カーティス:はじめから睡眠コンサルタントとして活動するという目標があって資格取得を目指したのですか?

愛波:はじめは自分の子どもの育児のためでした。乳幼児の睡眠の本や論文をたくさん読み、長男が10カ月のときに独自のねんねトレーニングをやってみたら、毎晩7時に寝て朝まで起きないので自分の時間を持てたんです。余裕ができたので、再就職して、同時に睡眠のことを深く学ぶことにしました。通勤の車の中で講義を聞き、お昼休みに課題をやり、終わらなければ子どもが寝た後に勉強していました。

カーティス:資格取得までの勉強期間はどれくらいでしたか?

愛波:1年半くらいかかったと思います。その間もまわりのママ友に「ねんねの悩みない?」など質問して、勉強した知識をアウトプットしながら無料でコンサルテーションを行っていました。

カーティス:愛波さんが資格を取得して、コンサルタントとしての活動を始められた2014年ごろ、日本には乳幼児の睡眠の悩みについてコンサルを受けるという文化はありましたか?

愛波:まったくないどころか、「なにそれ?」と怪しまれていました(笑)。
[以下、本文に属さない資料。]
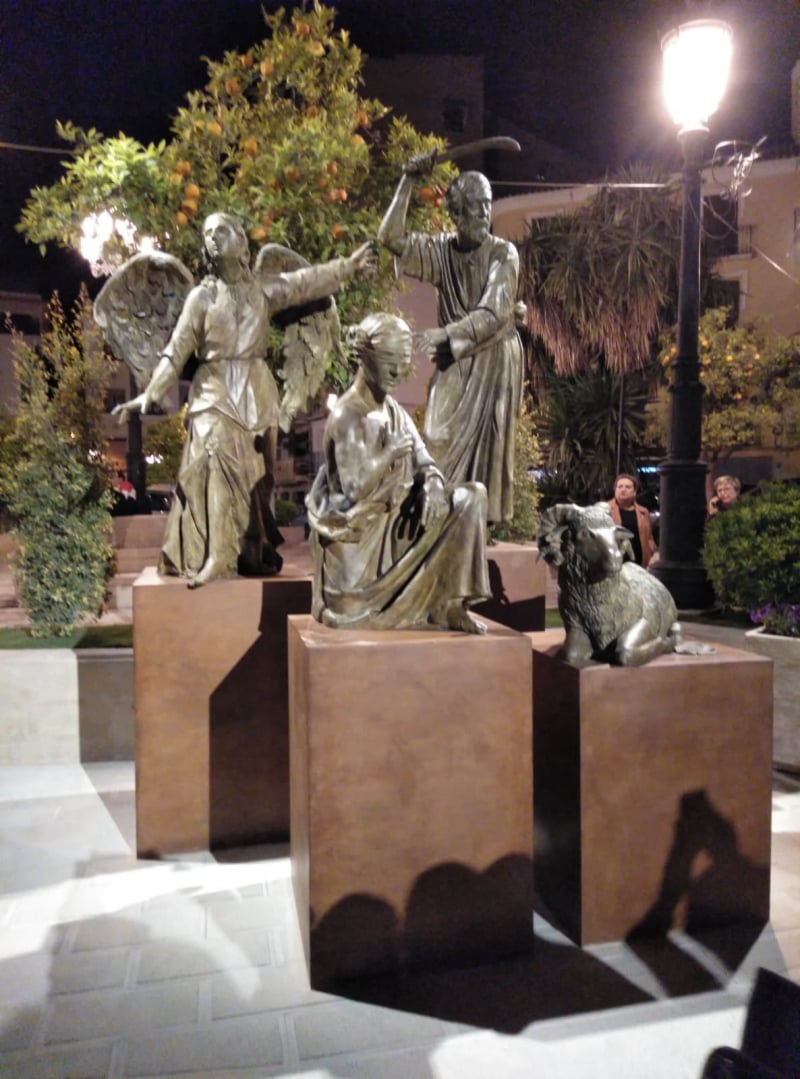 Monumento en bronce con peanas en acero corten ubicado en la Plaza 28 de Febrero del pueblo de Alcaudete (Jaen)
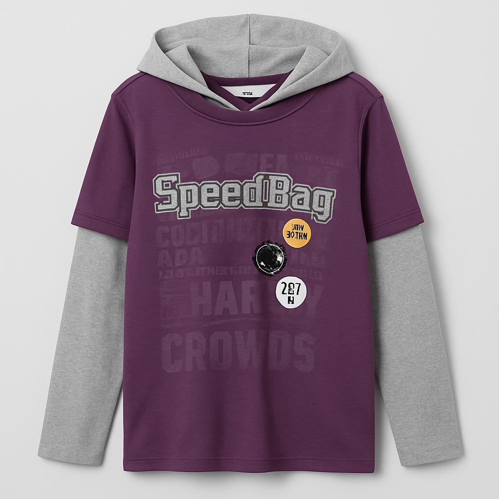 Scopri questa originale maglietta a maniche lunghe per bambini, perfetta per chi ama il comfort con un tocco di stile! Realizzata in morbido cotone, presenta un vivace colore viola con maniche grigie che creano un piacevole contrasto. La scritta "SpeedBag" sul davanti è accompagnata da divertenti patch che rendono il look ancora più accattivante e giovanile. È ideale per le giornate di gioco o per un look casual e alla moda. Anche se è un capo usato, si presenta in ottime condizioni, pronto per essere indossato da un piccolo avventuriero! Un aggettivo? Divertente!

でも私は必要だと思ったから、ひたすら活動を続けました。徐々に、徐々に広まって、今は日本に220名くらいの生徒さんがいます。睡眠に関する本も出版されるようになり、手応えを感じていますが、そもそも日本人は睡眠の悩みには解決策がないと思っている。「ママは夜中に起こされて授乳するのが当たり前」「ママが睡眠不足になって当たり前」という文化が残っているように感じます。

カーティス:アメリカでは働く女性が産休を取っても、4カ月程度で職場に戻るのが普通ですよね。そういうことも影響しているのでしょうか。

愛波:そうですね。アメリカと日本のママを見ていて明らかに違うのは、アメリカのママたちは「自分の時間をどう捻出するか」「自分がハッピーになるためにどうすればいいんだろう?」ということを考えている。「この子が寝なければ、私はジムに行けない!」というような考え方は、日本人からは自己中心的に聞こえてしまうのかもしれません。

カーティス:日本には「ママは子育てに苦労するのが当たり前」、「自己犠牲が当たり前」という考え方が浸透しているのかもしれません。

愛波:子育ては保育者がハッピーであることが大事です。保育者の心情は子どもに全部伝わります。睡眠の勉強をして、いろいろなママたちをみてきて、本当にそう思います。